- Venues: Swimming and Diving Stadium
- Date: 28 November – 7 December 1956
- Competitors: 96 from 10 nations

Medalists
- 1st place, gold medalist(s):  / Hungary
- 2nd place, silver medalist(s):  / Yugoslavia
- 3rd place, bronze medalist(s):  / Soviet Union

= Water polo at the 1956 Summer Olympics =

Ten nations competed in water polo at the 1956 Summer Olympics in Melbourne.

==Medallists==
|
 Antal Bolvári Ottó Boros Dezső Gyarmati István Hevesi László Jeney Tivadar Kanizsa György Kárpáti Kálmán Markovits Miklos Martin Mihály Mayer István Szivós Ervin Zádor |
 Ivo Cipci Tomislav Franjković Vladimir Ivković Zdravko Ježić Hrvoje Kačić Zdravko-Ćiro Kovačić Lovro Radonjić Marijan Žužej |
 Viktor Ageev Pyotr Breus Boris Goykhman Nodar Gvakhariya Vyacheslav Kurennoy Boris Markarov P'et're Mshveniyeradze Valentin Prokopov Mikhail Ryzhak Yury Shlyapin |

| Gold | Silver | Bronze |
|---|---|---|
| Hungary Antal Bolvári Ottó Boros Dezső Gyarmati István Hevesi László Jeney Tivadar Kanizsa György Kárpáti Kálmán Markovits Miklos Martin Mihály Mayer István Szivós Ervin Zádor | Yugoslavia Ivo Cipci Tomislav Franjković Vladimir Ivković Zdravko Ježić Hrvoje Kačić Zdravko-Ćiro Kovačić Lovro Radonjić Marijan Žužej | Soviet Union Viktor Ageev Pyotr Breus Boris Goykhman Nodar Gvakhariya Vyacheslav Kurennoy Boris Markarov P'et're Mshveniyeradze Valentin Prokopov Mikhail Ryzhak Yury Shlyapin |

==Participating nations==
For the team rosters see: Water polo at the 1956 Summer Olympics – Men's team squads.

==Results==
===Preliminary round===

The preliminary round consisted of a round-robin tournament held in three groups.
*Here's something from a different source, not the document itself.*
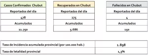 COVID-19: CHUBUT REPORTÓ 478 NUEVOS POSITIVOS Y 4 FALLECIDOS

Each team played the other teams in its group once.

====Group A====

| Nation | Pld. | Win | Loss | Tie | GF | GA | Points |
|---|---|---|---|---|---|---|---|
| Yugoslavia | 3 | 3 | 0 | 0 | 15 | 5 | 6 |
| Soviet Union | 3 | 2 | 1 | 0 | 9 | 6 | 4 |
| Romania | 3 | 1 | 2 | 0 | 9 | 9 | 2 |
| Australia | 3 | 0 | 3 | 0 | 3 | 16 | 0 |

28 November
- 14:00 - Romania def. Australia, 4-2
- 19:30 - Yugoslavia def. Soviet Union, 3-2

29 November
- 21:15 - Soviet Union def. Romania, 4-3
- 22:15 - Yugoslavia def. Australia, 9-1

30 November
- 10:30 - Yugoslavia def. Romania, 3-2
- 16:00 - Soviet Union def. Australia, 3-0

====Group B====

| Nation | Pld. | Win | Loss | Tie | GF | GA | Points |
|---|---|---|---|---|---|---|---|
| Hungary | 2 | 2 | 0 | 0 | 12 | 3 | 4 |
| United States | 2 | 1 | 1 | 0 | 7 | 9 | 2 |
| Great Britain | 2 | 0 | 2 | 0 | 4 | 11 | 0 |

28 November
- 20:30 - United States def. Great Britain, 5-3

29 November
- 15:45 - Hungary def. Great Britain, 6-1

30 November
- 11:30 - Hungary def. United States, 6-2

====Group C====

| Nation | Pld. | Win | Loss | Tie | GF | GA | Points |
|---|---|---|---|---|---|---|---|
| Italy | 2 | 2 | 0 | 0 | 11 | 3 | 4 |
| Germany | 2 | 1 | 1 | 0 | 7 | 5 | 2 |
| Singapore | 2 | 0 | 2 | 0 | 2 | 12 | 0 |

28 November
- 15:00 - Germany def. Singapore, 5-1

29 November
- 16:45 - Italy def. Singapore, 7-1

30 November
- 22:10 - Italy def. Germany, 4-2

===Final round===

The top two teams in each preliminary group advanced to the championship, in which they played each of the four other championship teams they had not previously faced. The results of the preliminary round game against the team from their group carried over into the final round.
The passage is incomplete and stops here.